Kids dressed in relatively clean clothes. Kids get baths under the following circumstances: we have Church the next day or they played in the sandbox and didn’t go swimming afterwards. The house is clean if you can walk through the kitchen and your feet don’t stick to the floor and the toys are put into the closest cabinets or bins just to get them off of the floor.
Have a conversation with any adult, get interrupted, reply lovingly and continue the conversation with said adult. Repeat 100 times during the course of the visit–or phone call.
Have a conversation with any adult, get interrupted, snap at the poor child who dared to enter the room, completely forget what I was talking about, get frustrated with myself for not remembering, stress builds, give up on conversation and exclaim to the household that I can never finish a single sentence or project without interruption. Make a note to go out on a date so that I can actually have a complete thought with my spouse, only to forget all the important things we needed to discuss when we are out on said date.
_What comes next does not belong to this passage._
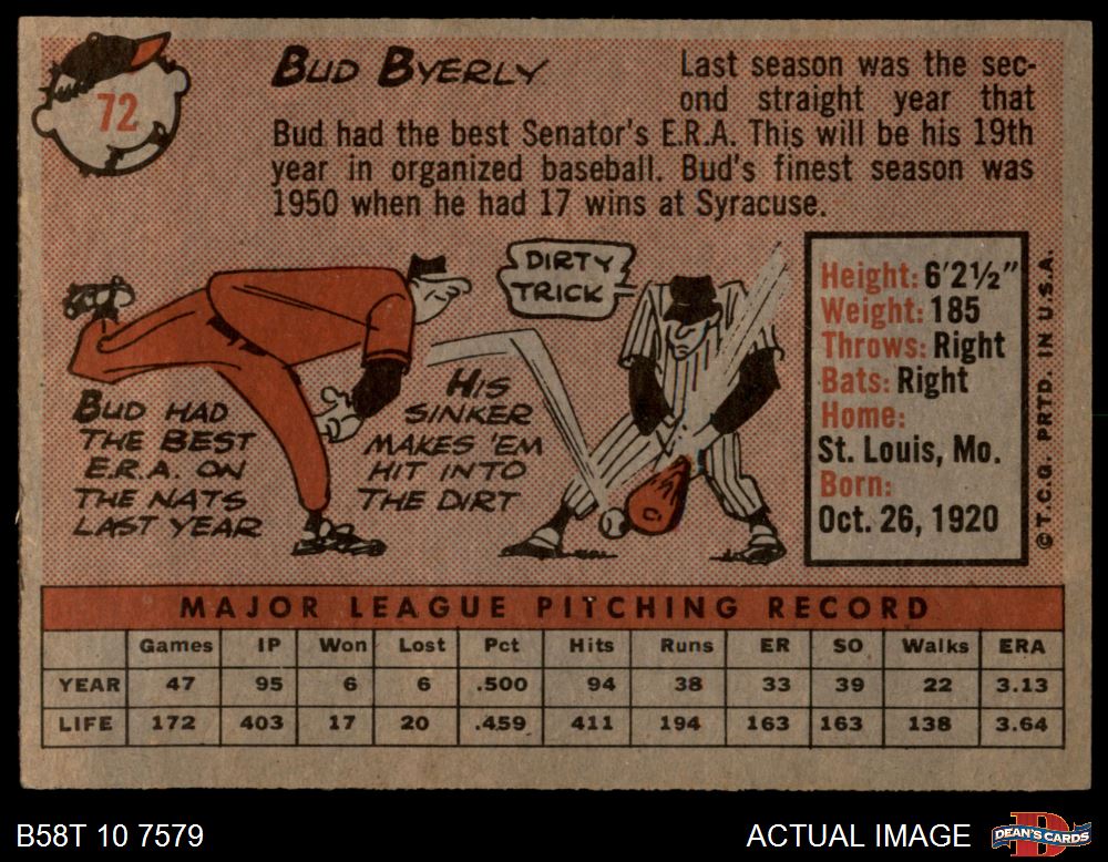 1958 Topps #72 Bud Byerly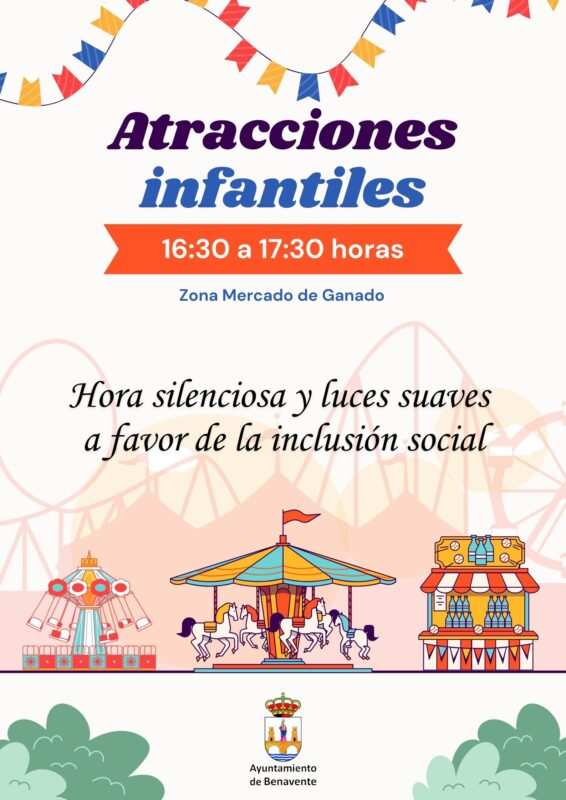 Las Concejalías de Fiestas y Bienestar Social del Ayuntamiento de Benavente informan que se ha llegado a un acuerdo con los feriantes que se instalarán en la zona del Mercado de Ganado durante las Fiestas del Toro Enmaromado, para que todos los días de apertura al público se limite el volumen y las luces de las atracciones para favorecer la inclusión de personas con discapacidad o trastornos de espectro autista o hipersensibilidad.

So, what do you think God is trying to teach me? I think it is a lesson in patience. Patience with my kids, yes, but also patience with myself. I am having to learn to accept my limitations. Because conversations are so rare, I am learning to enjoy them more when I am able to have them without interruptions. I am learning that when I speak, it needs to be important and not just me talking because, well, I like to talk. The whole experience has brought me closer to God because I can talk to him anytime about anything. And it is teaching me that I need to work on discovering what it is that God wants me to do and just do that. If I am doing His will, then it seems like everything falls into place without interruption or too much struggle, not that it is always easy; but, somehow it just works out. Can you believe I only had one interruption while typing out this blog post? That is a miracle in itself, or at the very least a grace from God.